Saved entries
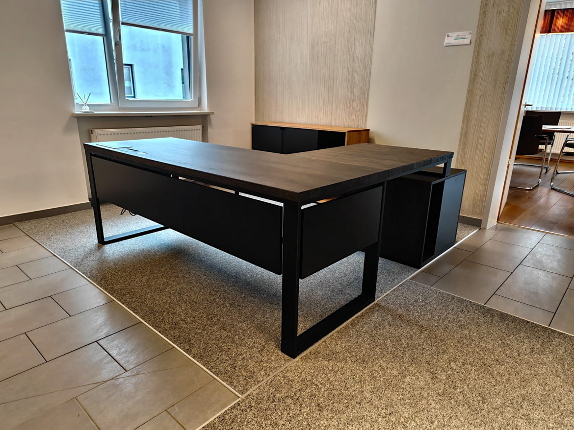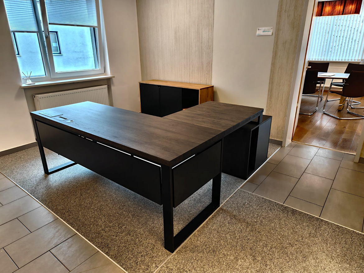 For the accounting office Steuerkanzlei Hallermeier in Aldorf, we prepared a corner workstation tailored to daily work with documents and clients. In this type of business, order, convenience and good organization of space are important, so the whole thing was designed to facilitate daily duties.
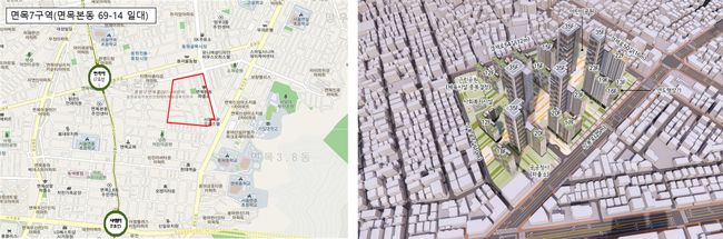 먼저, ‘면목7구역(면목본동 69-14 일대)’는 지난 12월 13일 열린 ‘제8차 도시계획위원회 신속통합기획 정비사업 등 수권분과위원회’에서 ‘주택정비형 재개발사업 정비계획 결정 및 정비구역 지정안’이 조건부 가결됐다.
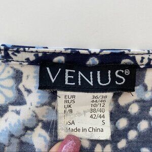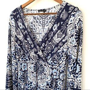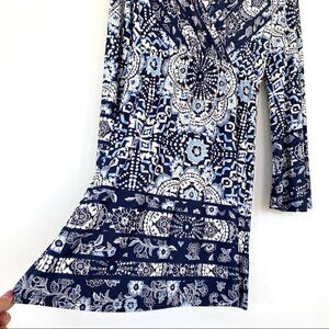 Pullover style dress with lots of stretch. Fabric is very lightweight. Elasticized waist. Skirt flares out a bit. In a blue & white print with contrasting borders.
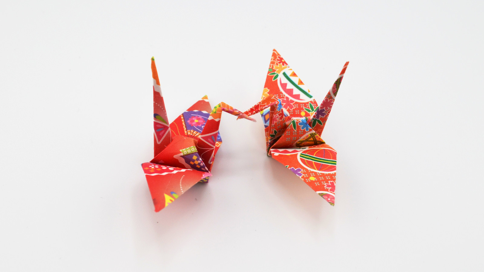 This Origami Crane is modeled after a crane bird. The crane is a symbol of longevity and happiness in Japan.
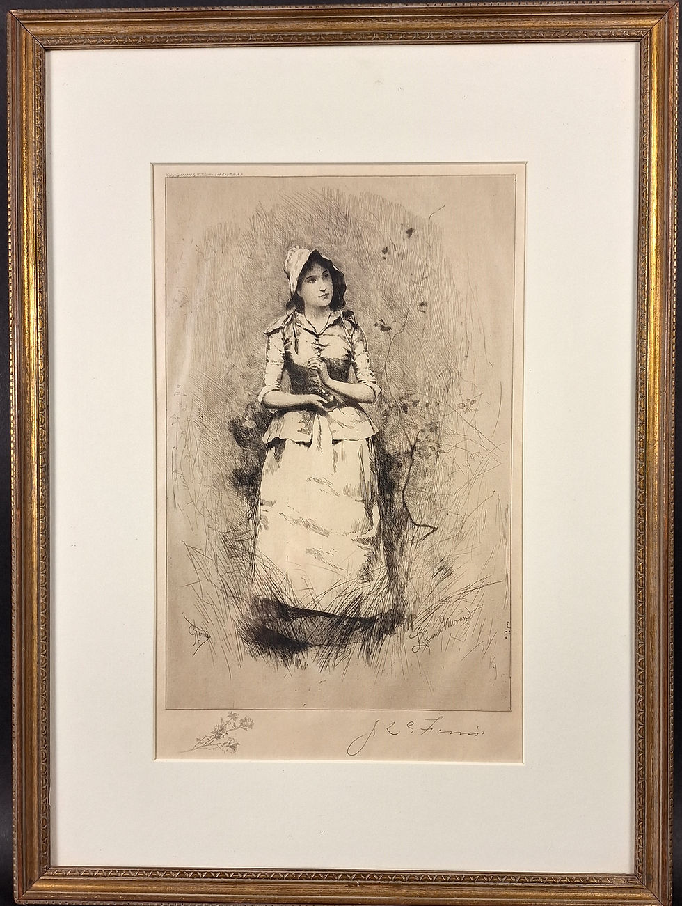 Item # 248, ETCHING OF YOUNG MAIDEN HOLDING FRUIT:
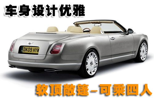這款新車擁有與Mulsanne四門豪華轎車相同的華麗外形,采用軟頂敞篷設(shè)計(jì),兩排座椅可舒服的乘坐四位成年人。內(nèi)飾豪華舒適,用料考究屬于奢侈級(jí)的豪華敞篷轎跑車。
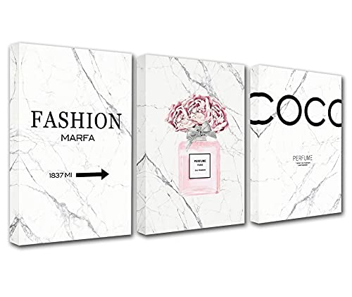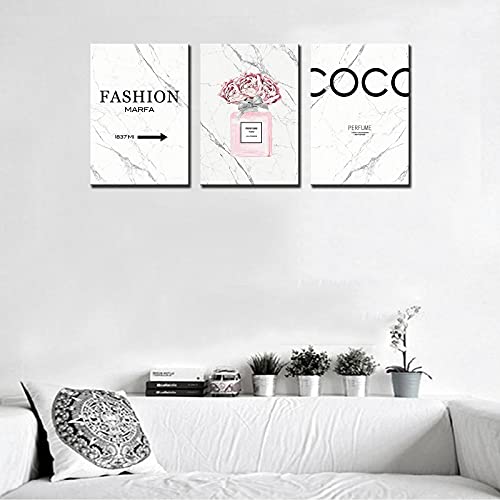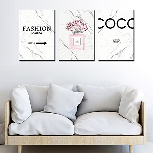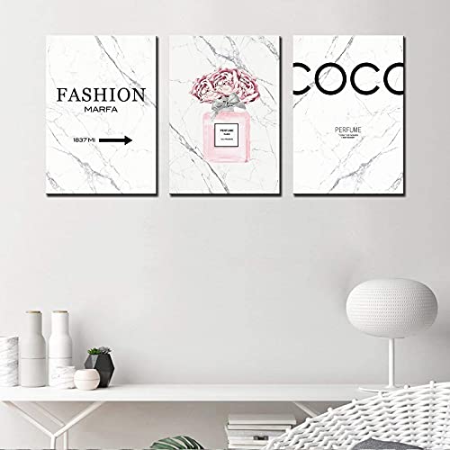 Walarky - Walarky Pink Perfume Fashion Women Canvas Wall Art for Living Room Decor Set of 3 Perfume Flowers Painting with Marble Background Home Decor Room Wall Pictures for Teen Girls Bedroom Framed 42x20 Inch

» What you have to do
Leave out the pictures and reproduce the rest of the records exactly.

» The answer
 For the accounting office Steuerkanzlei Hallermeier in Aldorf, we prepared a corner workstation tailored to daily work with documents and clients. In this type of business, order, convenience and good organization of space are important, so the whole thing was designed to facilitate daily duties.
 먼저, ‘면목7구역(면목본동 69-14 일대)’는 지난 12월 13일 열린 ‘제8차 도시계획위원회 신속통합기획 정비사업 등 수권분과위원회’에서 ‘주택정비형 재개발사업 정비계획 결정 및 정비구역 지정안’이 조건부 가결됐다.
 Pullover style dress with lots of stretch. Fabric is very lightweight. Elasticized waist. Skirt flares out a bit. In a blue & white print with contrasting borders.
 This Origami Crane is modeled after a crane bird. The crane is a symbol of longevity and happiness in Japan.
 Item # 248, ETCHING OF YOUNG MAIDEN HOLDING FRUIT:
這款新車擁有與Mulsanne四門豪華轎車相同的華麗外形,采用軟頂敞篷設(shè)計(jì),兩排座椅可舒服的乘坐四位成年人。內(nèi)飾豪華舒適,用料考究屬于奢侈級(jí)的豪華敞篷轎跑車。
 Walarky - Walarky Pink Perfume Fashion Women Canvas Wall Art for Living Room Decor Set of 3 Perfume Flowers Painting with Marble Background Home Decor Room Wall Pictures for Teen Girls Bedroom Framed 42x20 Inch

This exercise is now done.